Geneious Biologics automatically generates a number of graphs to help you to interpret your sequences and find broader trends or discrepancies in your dataset. This article focuses on the graphs that represent your entire dataset. Biologics also produces a number of graphs that help you to represent and find trends within individual clusters/regions (eg. HCDR3 length); to find out more please see this article: Using graphs to interpret clusters and clonotypes.
How do I access the graphs?
Graphs will automatically populate under the Sequences Table in a result. The graphs described here are all viewable under the main All Sequences Table. If you would like to view any individual sequences, just select a row(s) and switch from the Graphs tab to the Sequence Viewer tab.
To bring up the graphs in a larger window, you can also click on the Graphs tab at the top of a result:
Graphs covered in this article:
Annotation Rates
The Annotation Rates graphs can tell you a lot about what regions and chains were found in your data, as well as the rate at which certain regions were identified relative to others and to the dataset as a whole.

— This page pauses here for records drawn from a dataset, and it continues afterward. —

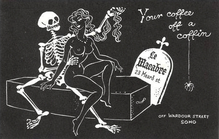 A notable coffee bar in Soho during this era was Le Macabre Club, an obvious predecessor to The Batcave in theme and décor. Opening in 1957 and closing sometime in the 1970s, Le Macabre Club took influence from the notorious horror-themed Théâtre du Grand-Guignol (The Grand Guignol Theatre) in Paris as well as other ‘death cafés’ in Europe. An excerpt from an article in The Telegraph (2017) describes Le Macabre Club’s atmosphere: “The tar-coloured walls would be adorned with plastic skeletons, painted cobwebs, and frescoes of naked women twirled in the moonlight by libidinous ghouls. You’d see hip teenagers (‘cats’, as they were known) wearing sunglasses, sipping espresso, and debating the ideas of Jean-Paul Sartre and the jazz of Dizzy Gillespie on the coffins, punctuated by the odd guitar jam…” [19] In an interview with The Look in 2000, Glen Matlock of The Sex Pistols described his experience at the famed Soho coffee bar, saying “When I started working as the Saturday boy at Let It Rock [in 1973], Malcolm McLaren used to take me around these strange places which played a part in early rock & roll. One time we went to Le Macabre. I don’t know how he knew about it, but it was the real thing. The tables were coffin lids and the jukebox only had songs to do with death.”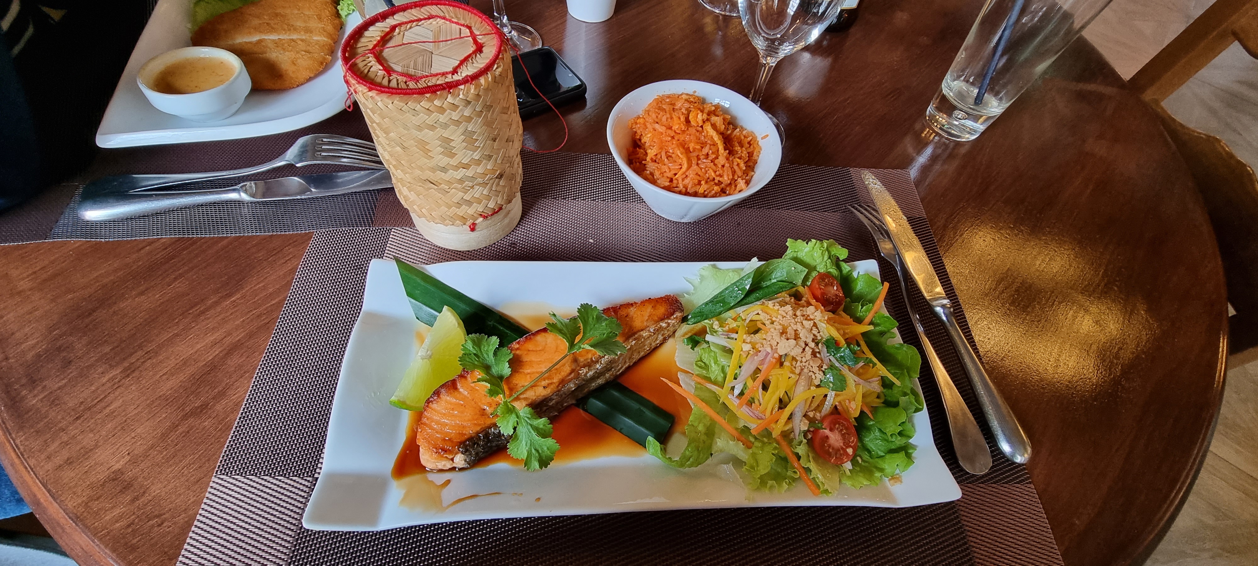 Posté le 11/05/2024 à 14:40"Dans le coin, nous cherchions un restaurant et suite aux avis nous y sommes allés. Rien à redire, nous avons pris des bouchées aux légumes, poulet panadus, pah thai crevettes et loc lac j'ai été surprise par la qualité du bœuf et des crevettes qui n'est pas toujours top dans les restaurants asiatiques. J'ai un bon coup de fourchette et contrairement à ce que j'ai lu la quantité du pad Thai est suffisante. Je précise aussi que je suis difficile sur la qualité. Personnel parfait, cadre agréable et c'est très propre. Nous y retournerons"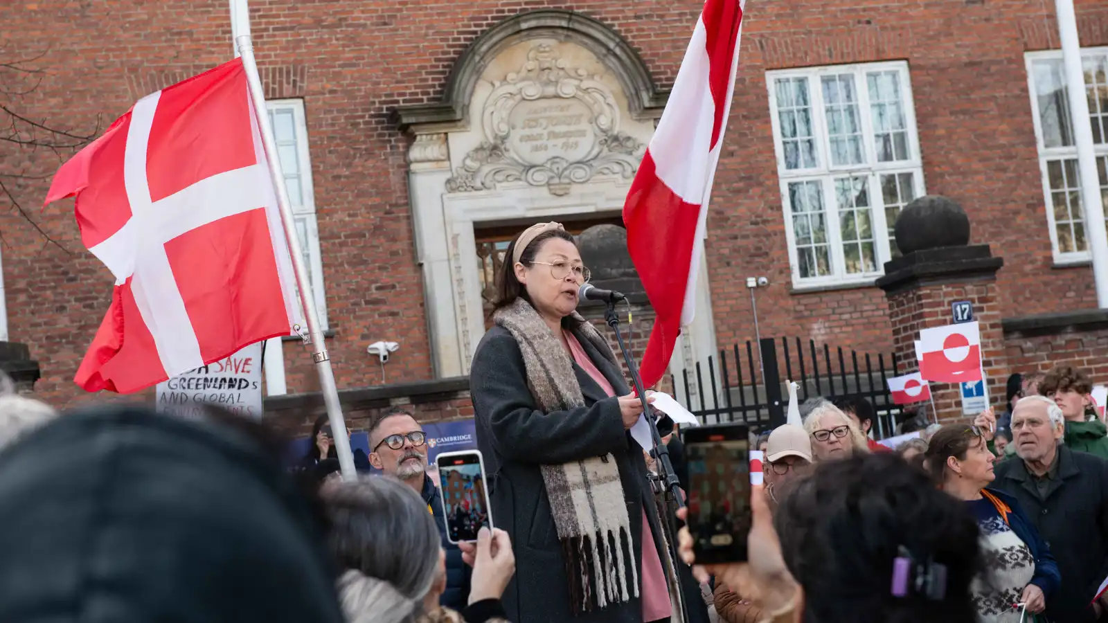 مظاهرة أمام السفارة الأميركية لدعم غرينلاند، في كوبنهاغن، الدنمارك، يوم 29 مارس 2025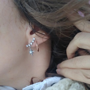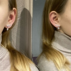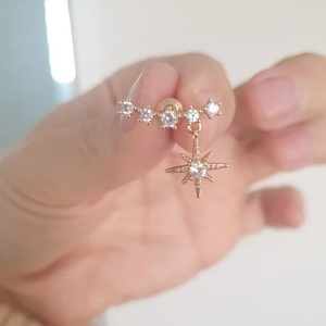 Основной элемент пусет изящные подвески в виде восьмиконечной вифлеемской звезды размером 1x1 см. В центре звёзд расположены прозрачные фианиты.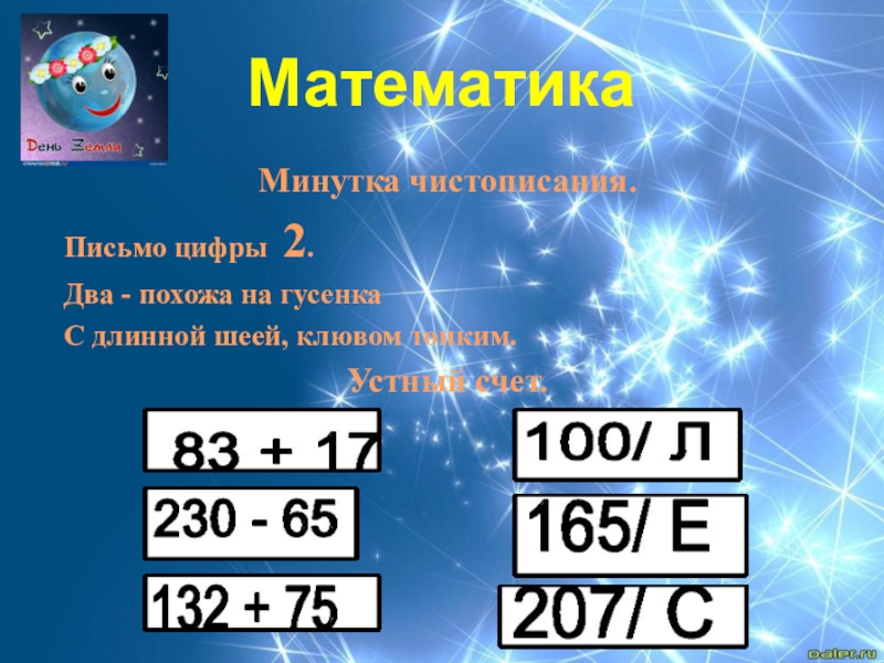 МатематикаМинутка чистописания.Письмо цифры 2.Два - похожа на гусенкаС длинной шеей, клювом тонким.Устный счет.

In the example above, scFv data from NGS Tutorial 2 has been annotated. We can see that in almost all the sequences a Light chain was found, however a Heavy chain was only found in around 75% of the sequences. This is reflected in the annotation rates of all the Heavy regions (Heavy FR1, CDR1 etc). This may indicate a sequencing issue or improper design/cloning of the scFv library.
There is an additional drop-down menu on the right that allows you to select more stringent checks, such as In Frame and Fully Annotated:
Number of Clusters
This graph displays the number of clusters found for each region. For more information on what a cluster is see this article: Understanding "clusters". The dropdown menu on the right allows you to instead display, for example, all the clusters found within the sequences that were Without Stop Codons & In Frame & Fully Annotated.
By comparing the above two graphs for the Heavy chain data found in NGS Tutorial 1, we can see that the majority of the clusters found came from high quality sequences (Without Stop Codons & In Frame & Fully Annotated).
Number of Clusters (Nucleotide)
This graph is similar to the Number of Clusters graph above, except the clusters are determined by the nucleotide sequence rather than the protein sequence.
Number of Genes
This graph can be used to perform a rough check of the diversity of genes found within your dataset. For example, in the below graph displaying the data from NGS Tutorial 4, we can see that there are a greater number of different V genes identified in the Light chain sequences compared to the heavy chain sequences:
The next graph type (Gene Usage) further illustrates the increased genetic diversity found within the Light chains of the above dataset.
Gene Usage
This graph allows you to interrogate the genetic landscape of your data and identify the gene families most prevalent in your data.
The above graphs display the germline genes found within the dataset from NGS Tutorial 4. From this we can identify which major gene families are represented and we can also mouse over any of these bars to find out the actual frequency of each gene subfamily within the wider gene family. In the above example, IGLV2-8 (selected in green) makes up 0.992% the Light V genes identified. The wider gene family IGLV2 makes up 6.78% of all the Light V genes identified.